(Stored entries)
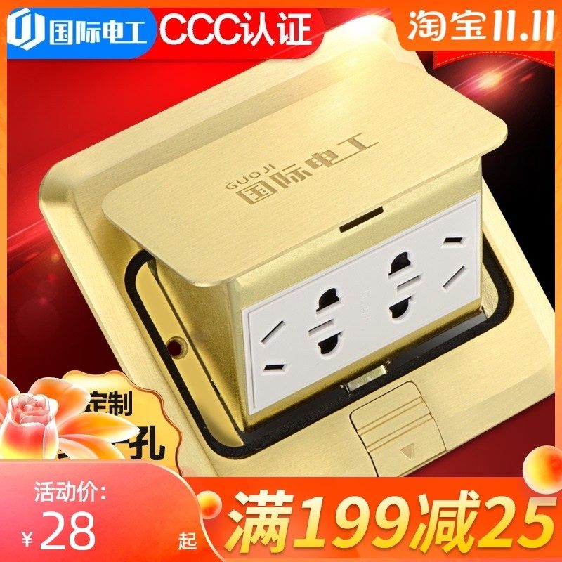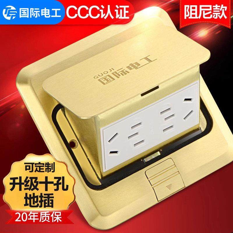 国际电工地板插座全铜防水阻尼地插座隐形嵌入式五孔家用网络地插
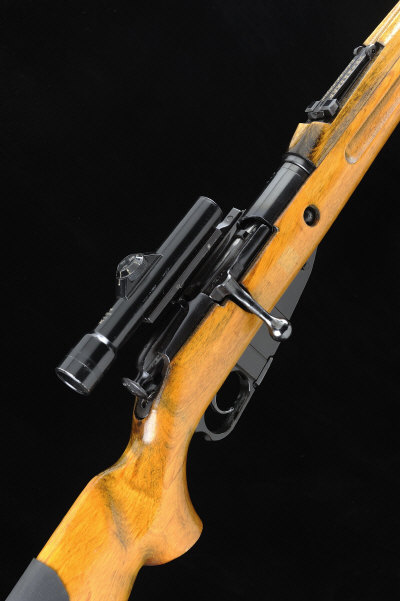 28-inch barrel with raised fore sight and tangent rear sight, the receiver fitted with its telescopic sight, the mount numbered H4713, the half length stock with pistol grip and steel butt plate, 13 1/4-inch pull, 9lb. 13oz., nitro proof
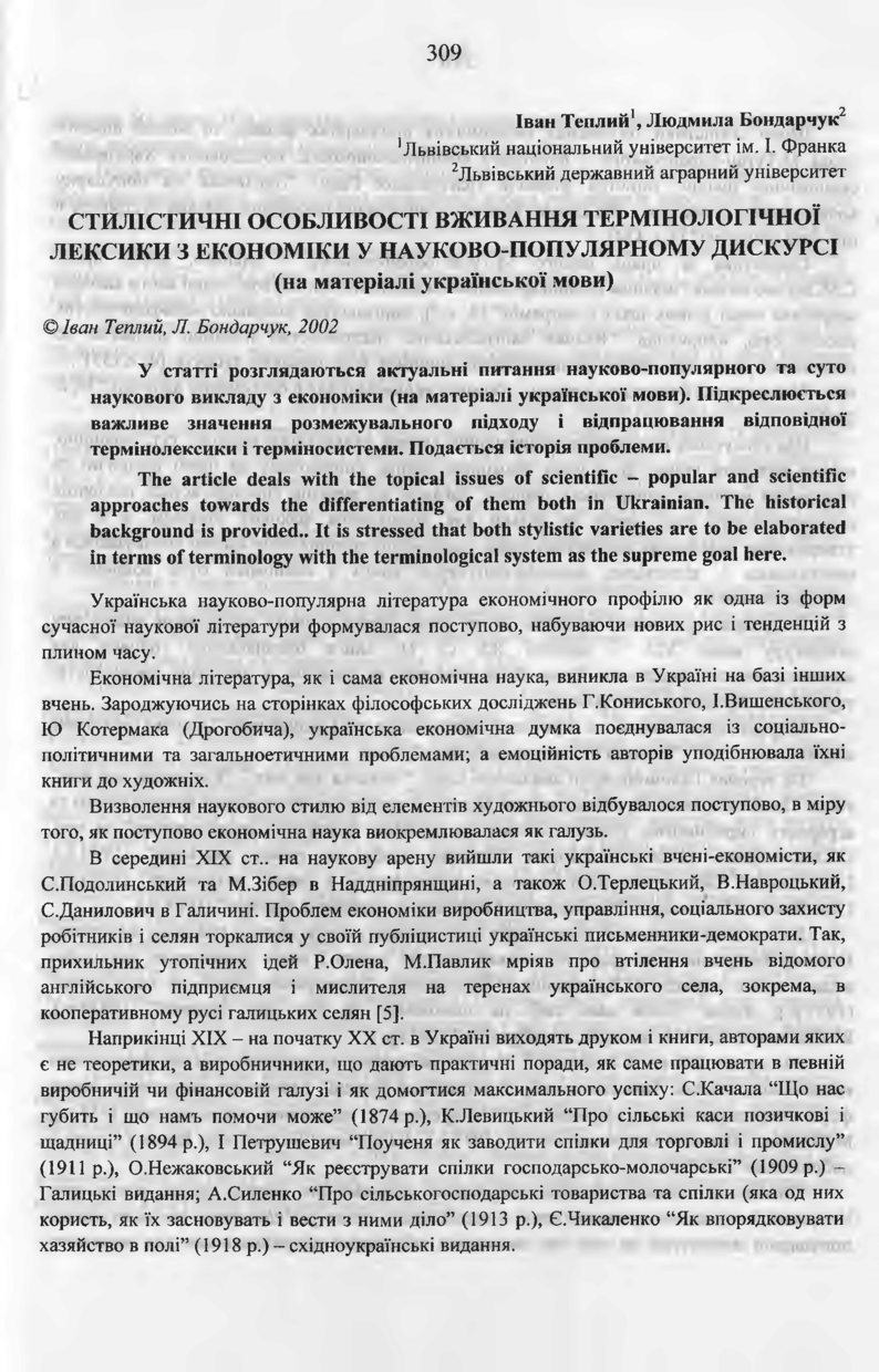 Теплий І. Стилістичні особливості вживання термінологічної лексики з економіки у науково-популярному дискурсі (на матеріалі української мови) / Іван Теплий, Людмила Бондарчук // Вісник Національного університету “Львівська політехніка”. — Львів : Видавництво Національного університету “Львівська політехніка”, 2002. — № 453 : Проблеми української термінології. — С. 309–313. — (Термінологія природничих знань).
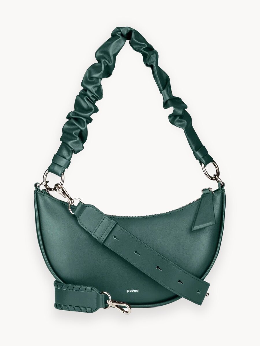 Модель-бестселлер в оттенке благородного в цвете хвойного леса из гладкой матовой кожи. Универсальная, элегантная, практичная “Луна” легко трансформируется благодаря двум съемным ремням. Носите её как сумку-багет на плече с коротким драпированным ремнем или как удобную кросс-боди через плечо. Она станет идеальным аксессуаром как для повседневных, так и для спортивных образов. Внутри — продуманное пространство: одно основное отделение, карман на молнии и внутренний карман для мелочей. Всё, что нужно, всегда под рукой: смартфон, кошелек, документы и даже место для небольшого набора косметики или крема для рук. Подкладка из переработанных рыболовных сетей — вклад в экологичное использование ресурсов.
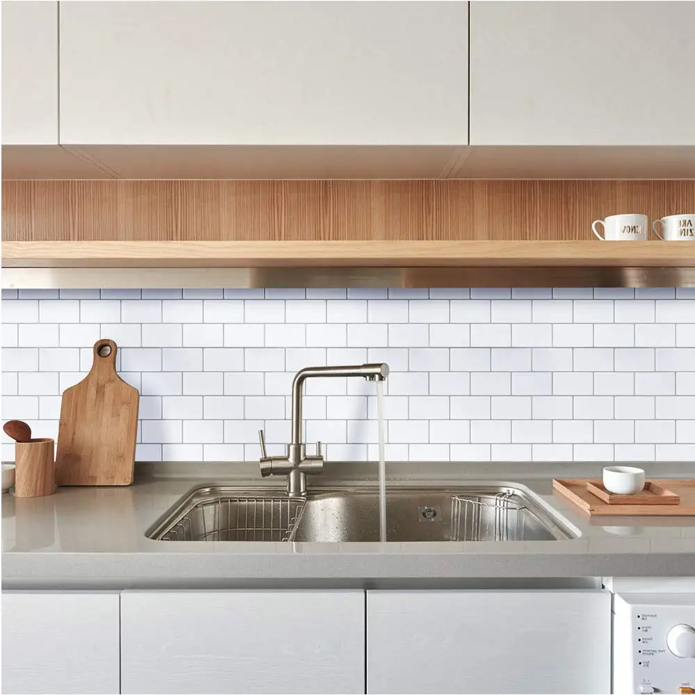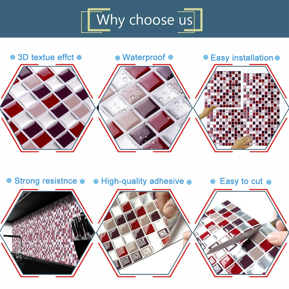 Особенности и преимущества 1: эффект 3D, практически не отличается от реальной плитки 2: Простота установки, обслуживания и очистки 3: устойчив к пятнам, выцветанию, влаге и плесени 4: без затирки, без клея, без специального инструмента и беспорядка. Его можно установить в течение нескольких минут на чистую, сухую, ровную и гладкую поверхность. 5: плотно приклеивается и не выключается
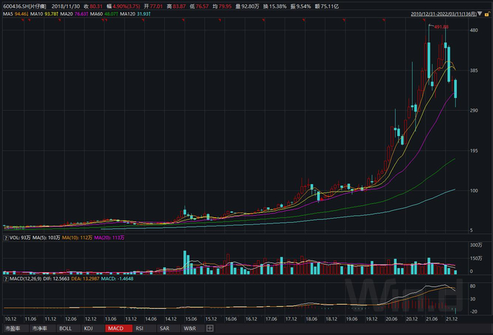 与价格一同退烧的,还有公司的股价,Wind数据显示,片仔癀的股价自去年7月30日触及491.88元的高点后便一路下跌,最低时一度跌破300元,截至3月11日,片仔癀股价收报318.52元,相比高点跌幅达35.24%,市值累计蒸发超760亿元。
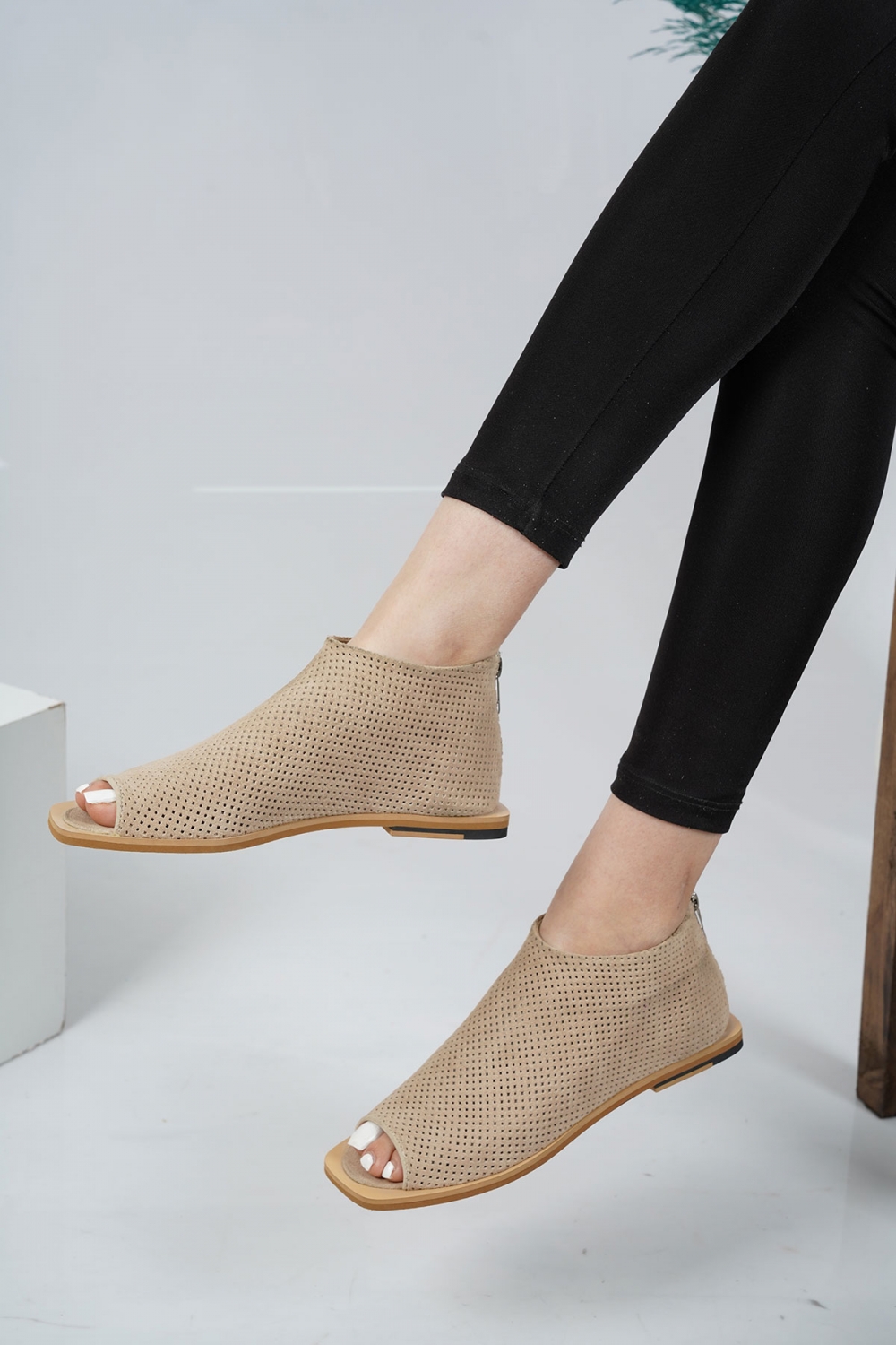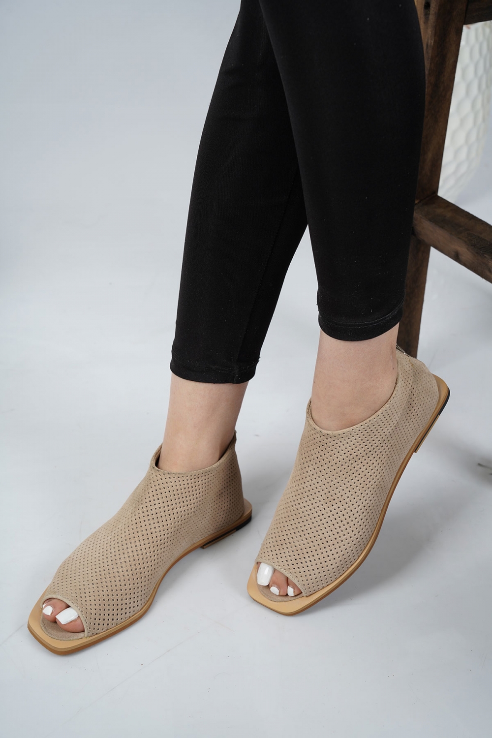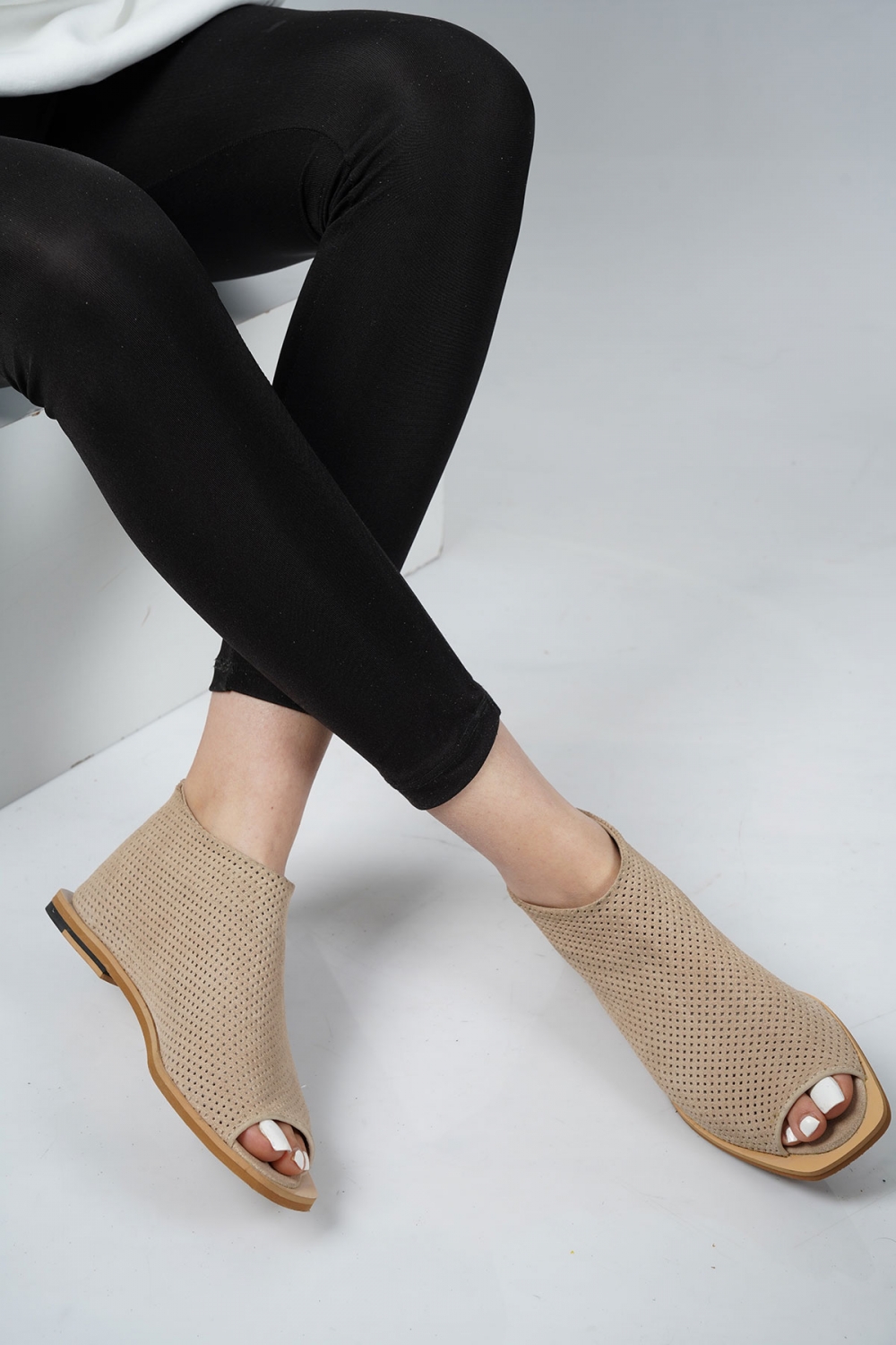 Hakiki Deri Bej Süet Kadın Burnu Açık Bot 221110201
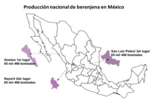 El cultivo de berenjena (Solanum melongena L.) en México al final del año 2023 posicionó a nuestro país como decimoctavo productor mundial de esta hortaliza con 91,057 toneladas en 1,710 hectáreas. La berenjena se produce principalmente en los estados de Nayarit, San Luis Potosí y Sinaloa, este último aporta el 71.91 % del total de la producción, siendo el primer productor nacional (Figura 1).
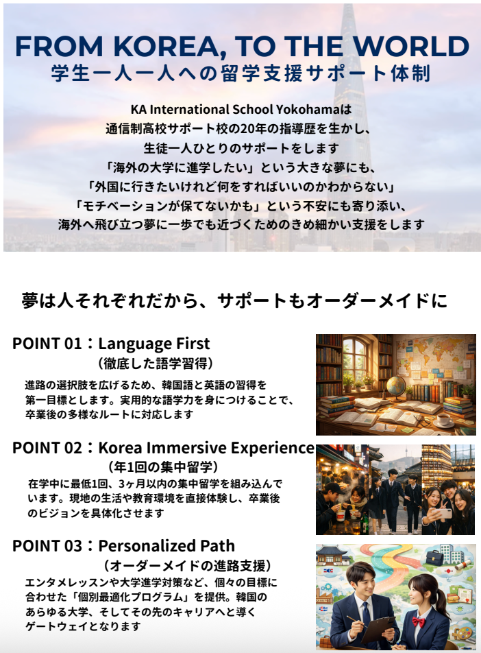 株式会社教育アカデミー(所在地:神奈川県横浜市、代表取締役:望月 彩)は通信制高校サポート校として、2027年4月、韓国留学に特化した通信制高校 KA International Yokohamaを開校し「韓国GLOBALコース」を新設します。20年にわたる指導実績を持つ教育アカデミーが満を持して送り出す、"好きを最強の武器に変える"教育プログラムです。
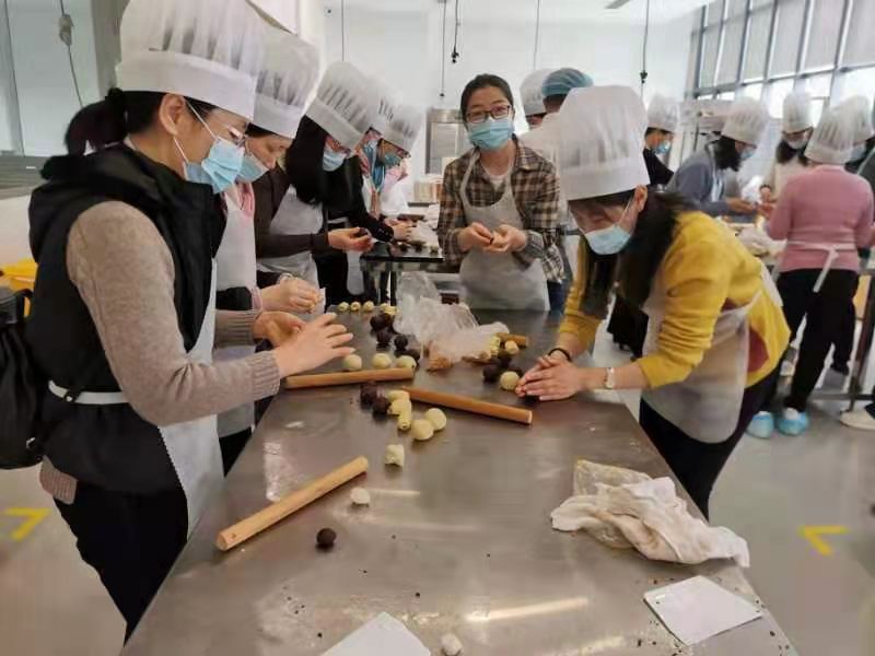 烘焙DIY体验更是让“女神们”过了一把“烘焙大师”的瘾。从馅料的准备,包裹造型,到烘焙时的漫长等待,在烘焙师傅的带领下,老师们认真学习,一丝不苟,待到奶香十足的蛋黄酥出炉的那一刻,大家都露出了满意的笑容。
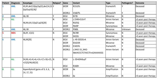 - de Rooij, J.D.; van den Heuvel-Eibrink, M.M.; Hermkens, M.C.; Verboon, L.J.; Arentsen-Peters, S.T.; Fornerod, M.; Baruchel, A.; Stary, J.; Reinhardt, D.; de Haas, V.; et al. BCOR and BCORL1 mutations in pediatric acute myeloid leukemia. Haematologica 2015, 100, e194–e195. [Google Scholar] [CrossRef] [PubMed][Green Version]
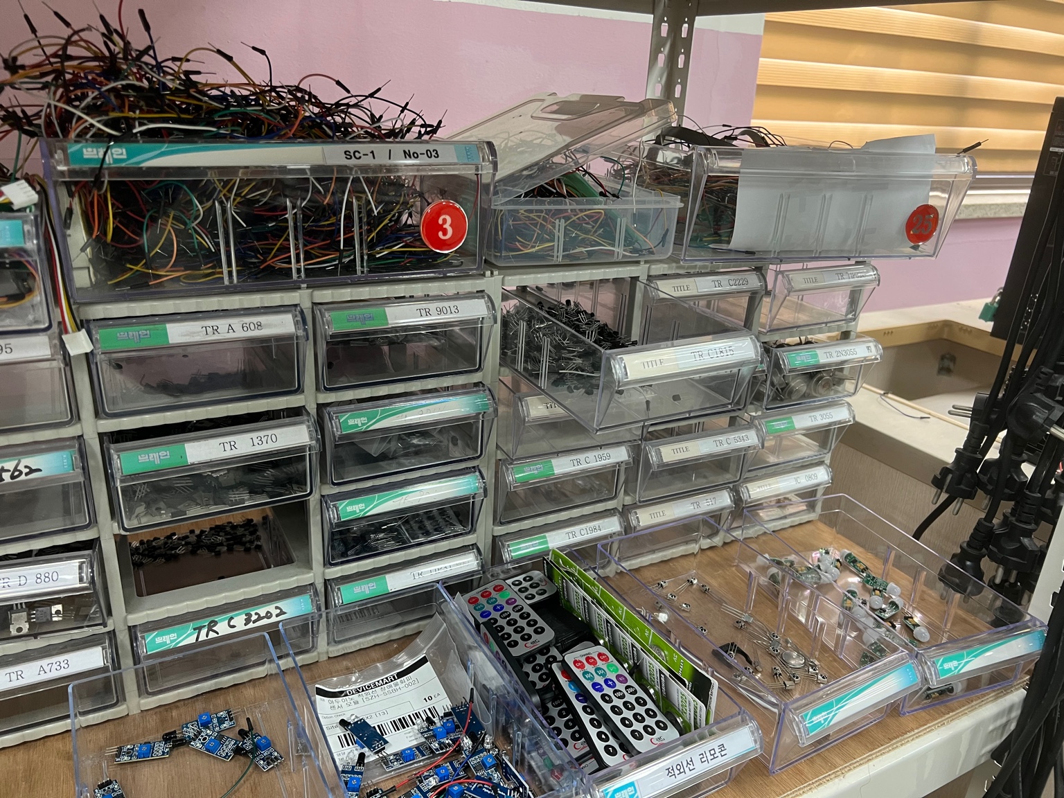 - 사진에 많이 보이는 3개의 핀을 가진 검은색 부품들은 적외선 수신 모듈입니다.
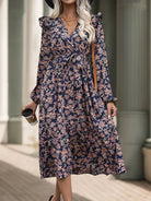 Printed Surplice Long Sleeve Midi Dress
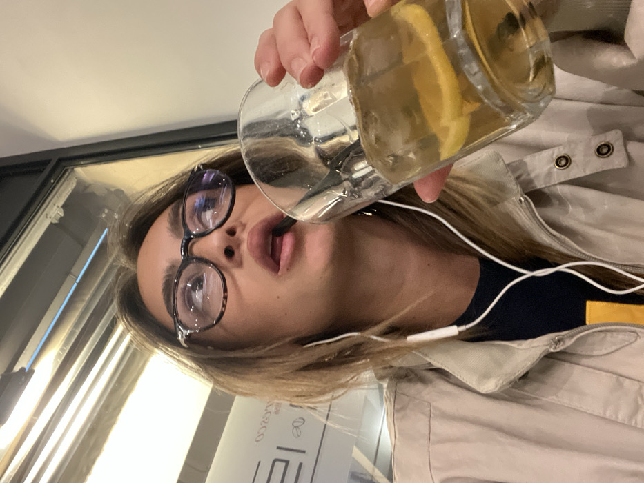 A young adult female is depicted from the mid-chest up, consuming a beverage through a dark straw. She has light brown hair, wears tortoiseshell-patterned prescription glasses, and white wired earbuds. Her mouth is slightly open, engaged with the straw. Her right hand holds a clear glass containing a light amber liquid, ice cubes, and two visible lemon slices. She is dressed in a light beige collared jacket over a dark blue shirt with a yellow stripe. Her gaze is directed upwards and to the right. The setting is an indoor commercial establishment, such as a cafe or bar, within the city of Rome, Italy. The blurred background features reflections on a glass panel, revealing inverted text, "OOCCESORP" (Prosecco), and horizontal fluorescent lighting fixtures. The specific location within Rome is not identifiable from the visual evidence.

# Work instructions
Please reproduce the data above word for word, skipping all images.

# Answer section
 国际电工地板插座全铜防水阻尼地插座隐形嵌入式五孔家用网络地插
 28-inch barrel with raised fore sight and tangent rear sight, the receiver fitted with its telescopic sight, the mount numbered H4713, the half length stock with pistol grip and steel butt plate, 13 1/4-inch pull, 9lb. 13oz., nitro proof
 Теплий І. Стилістичні особливості вживання термінологічної лексики з економіки у науково-популярному дискурсі (на матеріалі української мови) / Іван Теплий, Людмила Бондарчук // Вісник Національного університету “Львівська політехніка”. — Львів : Видавництво Національного університету “Львівська політехніка”, 2002. — № 453 : Проблеми української термінології. — С. 309–313. — (Термінологія природничих знань).
 Модель-бестселлер в оттенке благородного в цвете хвойного леса из гладкой матовой кожи. Универсальная, элегантная, практичная “Луна” легко трансформируется благодаря двум съемным ремням. Носите её как сумку-багет на плече с коротким драпированным ремнем или как удобную кросс-боди через плечо. Она станет идеальным аксессуаром как для повседневных, так и для спортивных образов. Внутри — продуманное пространство: одно основное отделение, карман на молнии и внутренний карман для мелочей. Всё, что нужно, всегда под рукой: смартфон, кошелек, документы и даже место для небольшого набора косметики или крема для рук. Подкладка из переработанных рыболовных сетей — вклад в экологичное использование ресурсов.
 Особенности и преимущества 1: эффект 3D, практически не отличается от реальной плитки 2: Простота установки, обслуживания и очистки 3: устойчив к пятнам, выцветанию, влаге и плесени 4: без затирки, без клея, без специального инструмента и беспорядка. Его можно установить в течение нескольких минут на чистую, сухую, ровную и гладкую поверхность. 5: плотно приклеивается и не выключается
 与价格一同退烧的,还有公司的股价,Wind数据显示,片仔癀的股价自去年7月30日触及491.88元的高点后便一路下跌,最低时一度跌破300元,截至3月11日,片仔癀股价收报318.52元,相比高点跌幅达35.24%,市值累计蒸发超760亿元。
 Hakiki Deri Bej Süet Kadın Burnu Açık Bot 221110201
 El cultivo de berenjena (Solanum melongena L.) en México al final del año 2023 posicionó a nuestro país como decimoctavo productor mundial de esta hortaliza con 91,057 toneladas en 1,710 hectáreas. La berenjena se produce principalmente en los estados de Nayarit, San Luis Potosí y Sinaloa, este último aporta el 71.91 % del total de la producción, siendo el primer productor nacional (Figura 1).
 株式会社教育アカデミー(所在地:神奈川県横浜市、代表取締役:望月 彩)は通信制高校サポート校として、2027年4月、韓国留学に特化した通信制高校 KA International Yokohamaを開校し「韓国GLOBALコース」を新設します。20年にわたる指導実績を持つ教育アカデミーが満を持して送り出す、"好きを最強の武器に変える"教育プログラムです。
 烘焙DIY体验更是让“女神们”过了一把“烘焙大师”的瘾。从馅料的准备,包裹造型,到烘焙时的漫长等待,在烘焙师傅的带领下,老师们认真学习,一丝不苟,待到奶香十足的蛋黄酥出炉的那一刻,大家都露出了满意的笑容。
 - de Rooij, J.D.; van den Heuvel-Eibrink, M.M.; Hermkens, M.C.; Verboon, L.J.; Arentsen-Peters, S.T.; Fornerod, M.; Baruchel, A.; Stary, J.; Reinhardt, D.; de Haas, V.; et al. BCOR and BCORL1 mutations in pediatric acute myeloid leukemia. Haematologica 2015, 100, e194–e195. [Google Scholar] [CrossRef] [PubMed][Green Version]
 - 사진에 많이 보이는 3개의 핀을 가진 검은색 부품들은 적외선 수신 모듈입니다.
 Printed Surplice Long Sleeve Midi Dress
 A young adult female is depicted from the mid-chest up, consuming a beverage through a dark straw. She has light brown hair, wears tortoiseshell-patterned prescription glasses, and white wired earbuds. Her mouth is slightly open, engaged with the straw. Her right hand holds a clear glass containing a light amber liquid, ice cubes, and two visible lemon slices. She is dressed in a light beige collared jacket over a dark blue shirt with a yellow stripe. Her gaze is directed upwards and to the right. The setting is an indoor commercial establishment, such as a cafe or bar, within the city of Rome, Italy. The blurred background features reflections on a glass panel, revealing inverted text, "OOCCESORP" (Prosecco), and horizontal fluorescent lighting fixtures. The specific location within Rome is not identifiable from the visual evidence.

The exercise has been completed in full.